Przejdź do głównych treściPrzejdź do wyszukiwarkiPrzejdź do głównego menu
Reklama Wojewódzki Urząd Pracy

Proces małżeństwa oszustów. Oskarżeni do sądu nie przyszli

Mimo nieobecności dwojga oskarżonych rozpoczął się w poniedziałek przed Sądem Okręgowym w Zamościu proces małżeństwa spod Tomaszowa Lubelskiego. Agnieszka H. i jej mąż Krzysztof mają odpowiadać za serię oszustw. Wyłudzali pieniądze, obiecując pomoc w pozyskaniu unijnych dotacji.
Proces małżeństwa oszustów. Oskarżeni do sądu nie przyszli
Proces przed Sądem Okręgowym się rozpoczął. Ale sąd nie mógł przyjąć wyjaśnień od oskarżonych, bo ci na pierwszej rozprawie się nie stawili.

Autor: Anna Szewc

Akt oskarżenia w tej sprawie Prokuratura Okręgowa w Zamościu skierowała do sądu w kwietniu. Termin pierwszej rozprawy wyznaczono na poniedziałek, 15 lipca. Oboje małżonkowie dobrze wiedzieli, że powinni się tego dnia stawić. Ale nie dojechali, a reprezentujący Agnieszkę H. adwokat nie potrafił wyjaśnić, dlaczego jego klientka jest nieobecna.

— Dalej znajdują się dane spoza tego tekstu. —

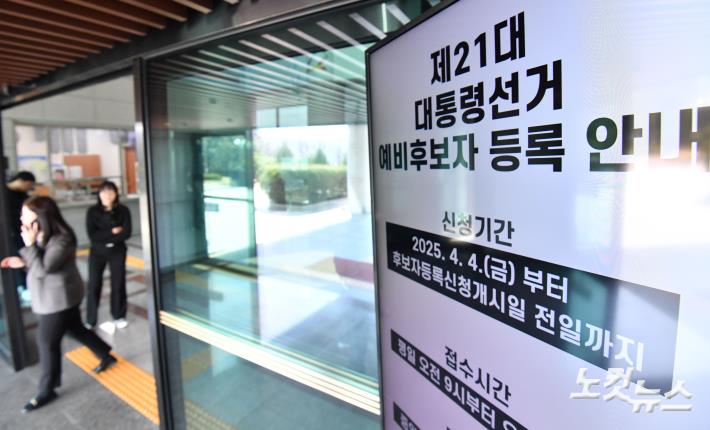 윤석열 전 대통령 파면으로 조기 대선의 막이 오른 가운데 7일 경기 과천시 중앙선거관리위원회에 21대 대통령 선거 예비후보자 등록 안내문이 나오고 있다.

Stawił się prokurator, a także kilkoro z licznej grupy poszkodowanych, z których część będzie w procesie występować jako oskarżyciele posiłkowi.

Przypomnijmy, że „mózgiem” przestępczego procederu była Agnieszka H. To ona w Tomaszowie Lubelskim miała zarejestrowaną Kancelarię Finansowo-Prawną (mimo sądowego zakazu wykonywania zawodu pośrednictwa finansowego) i reklamowała się, jako osoba pomagająca w uzyskaniu dotacji z Unii Europejskiej. W kilkudziesięciu umowach, które zawarła z klientami, jak ustalili śledczy, znajdowały się zapisy o wynagrodzeniu za napisanie biznesplanu i o pobieranych za to zaliczkach, ale też zobowiązanie do zwrotu pieniędzy, gdyby wnioski nie zostały ostatecznie pozytywnie rozpatrzone.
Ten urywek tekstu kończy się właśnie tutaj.